#### [YOUR INSTRUCTIONS]
Find, in the records below, the line that contains "Drawing inspiration from" and the line that contains "欧米茄 De Ville". Copy those two lines and everything between them exactly, but not the pictures.

#### [DATASET CONTENT]
[Start of section]
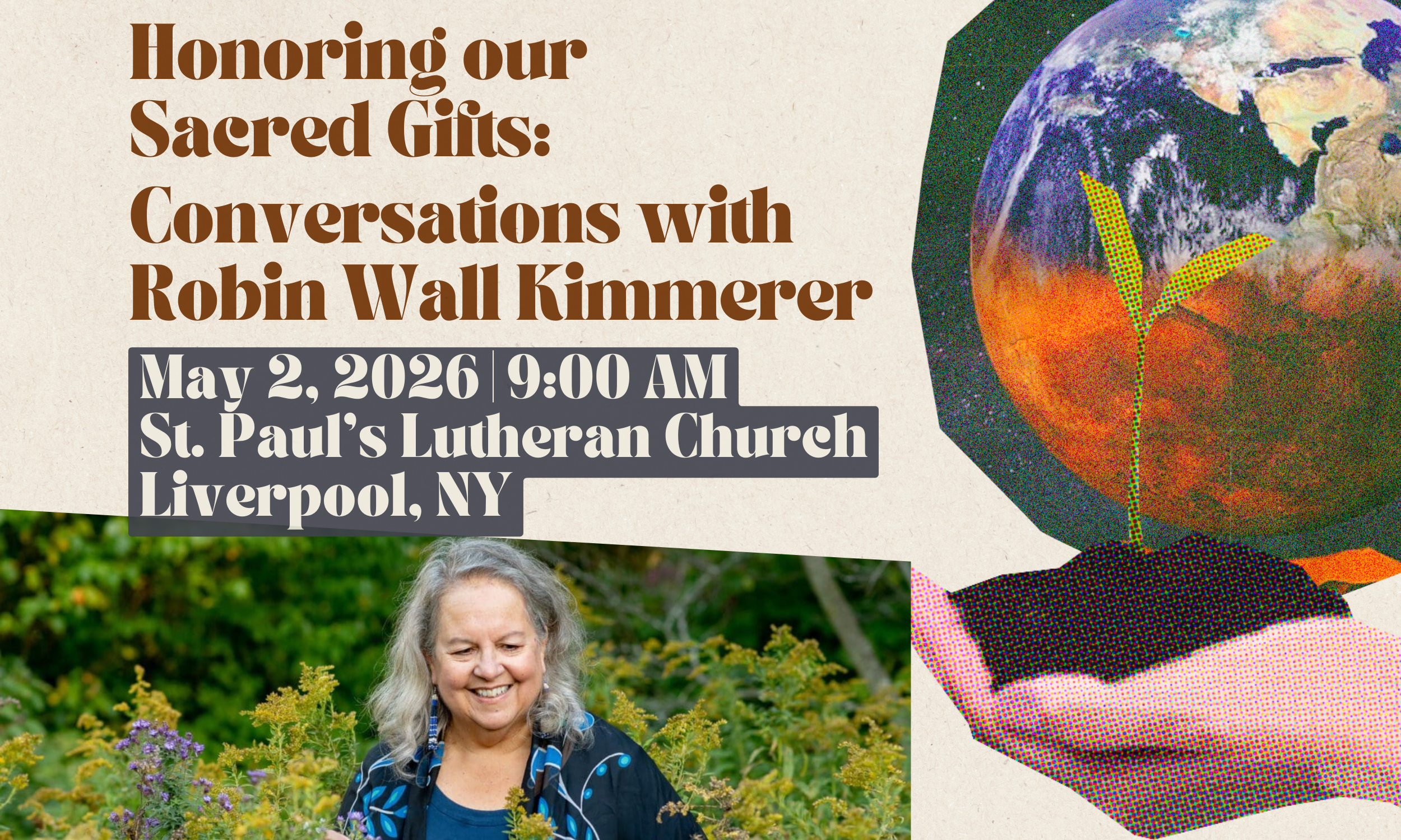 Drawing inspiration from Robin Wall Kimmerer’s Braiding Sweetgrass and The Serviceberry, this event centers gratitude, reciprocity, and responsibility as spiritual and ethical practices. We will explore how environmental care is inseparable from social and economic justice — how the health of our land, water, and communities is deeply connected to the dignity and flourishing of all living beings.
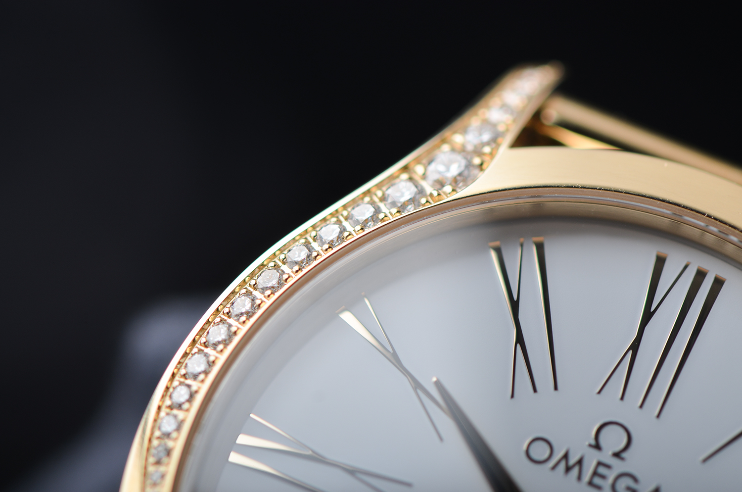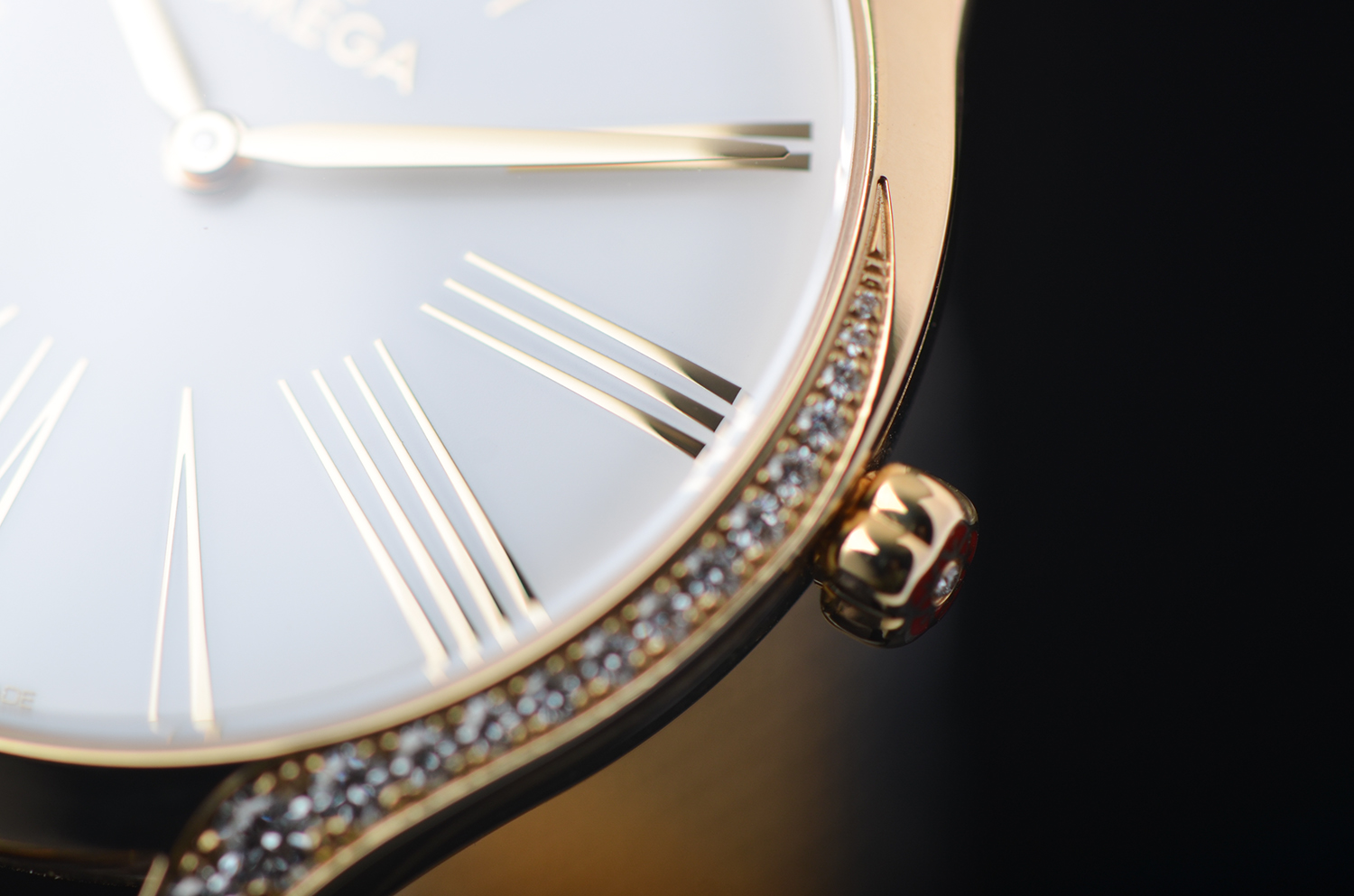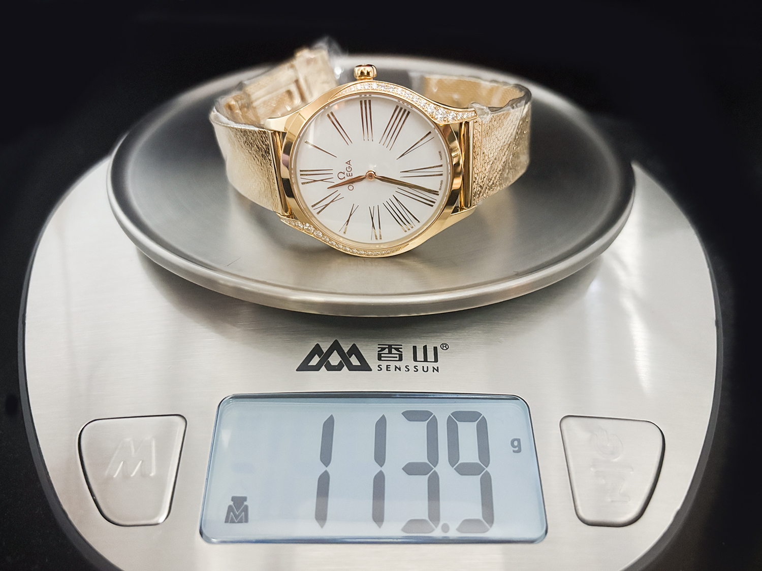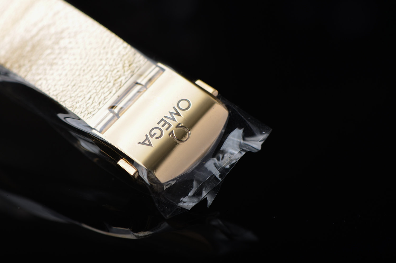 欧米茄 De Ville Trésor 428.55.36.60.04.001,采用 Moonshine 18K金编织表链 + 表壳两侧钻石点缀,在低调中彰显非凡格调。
[End of section]
[Start of section]
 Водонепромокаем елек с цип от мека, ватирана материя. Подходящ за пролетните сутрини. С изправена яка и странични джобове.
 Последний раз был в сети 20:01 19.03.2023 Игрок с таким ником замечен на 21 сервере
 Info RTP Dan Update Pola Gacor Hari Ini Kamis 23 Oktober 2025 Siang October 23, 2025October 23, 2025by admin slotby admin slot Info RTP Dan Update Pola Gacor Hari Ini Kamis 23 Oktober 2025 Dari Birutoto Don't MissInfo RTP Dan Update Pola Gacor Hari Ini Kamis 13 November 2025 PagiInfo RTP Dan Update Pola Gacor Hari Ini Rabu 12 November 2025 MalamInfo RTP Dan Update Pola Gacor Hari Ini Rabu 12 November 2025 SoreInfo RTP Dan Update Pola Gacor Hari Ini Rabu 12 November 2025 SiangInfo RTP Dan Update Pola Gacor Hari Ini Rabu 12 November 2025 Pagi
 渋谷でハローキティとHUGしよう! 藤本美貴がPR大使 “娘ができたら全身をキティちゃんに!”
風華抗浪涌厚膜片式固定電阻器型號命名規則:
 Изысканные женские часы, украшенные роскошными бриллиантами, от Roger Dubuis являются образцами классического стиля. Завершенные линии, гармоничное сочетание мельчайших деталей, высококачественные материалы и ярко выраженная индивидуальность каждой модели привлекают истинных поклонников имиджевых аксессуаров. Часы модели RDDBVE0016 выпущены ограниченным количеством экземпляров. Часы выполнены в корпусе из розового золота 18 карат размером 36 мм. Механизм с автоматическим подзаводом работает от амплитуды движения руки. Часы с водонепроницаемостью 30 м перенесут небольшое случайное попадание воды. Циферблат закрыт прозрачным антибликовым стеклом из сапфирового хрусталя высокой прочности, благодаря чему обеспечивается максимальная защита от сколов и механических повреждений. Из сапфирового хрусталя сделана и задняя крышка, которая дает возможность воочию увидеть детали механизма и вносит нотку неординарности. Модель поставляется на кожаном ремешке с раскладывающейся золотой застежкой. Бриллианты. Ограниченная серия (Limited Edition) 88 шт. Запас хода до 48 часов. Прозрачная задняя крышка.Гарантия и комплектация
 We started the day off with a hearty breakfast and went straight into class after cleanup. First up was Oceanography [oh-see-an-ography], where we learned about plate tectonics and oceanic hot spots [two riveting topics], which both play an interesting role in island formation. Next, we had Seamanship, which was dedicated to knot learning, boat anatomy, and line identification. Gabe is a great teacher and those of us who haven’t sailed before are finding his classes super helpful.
[End of section]
#### [RESPONSE AREA]
 Drawing inspiration from Robin Wall Kimmerer’s Braiding Sweetgrass and The Serviceberry, this event centers gratitude, reciprocity, and responsibility as spiritual and ethical practices. We will explore how environmental care is inseparable from social and economic justice — how the health of our land, water, and communities is deeply connected to the dignity and flourishing of all living beings.
 欧米茄 De Ville Trésor 428.55.36.60.04.001,采用 Moonshine 18K金编织表链 + 表壳两侧钻石点缀,在低调中彰显非凡格调。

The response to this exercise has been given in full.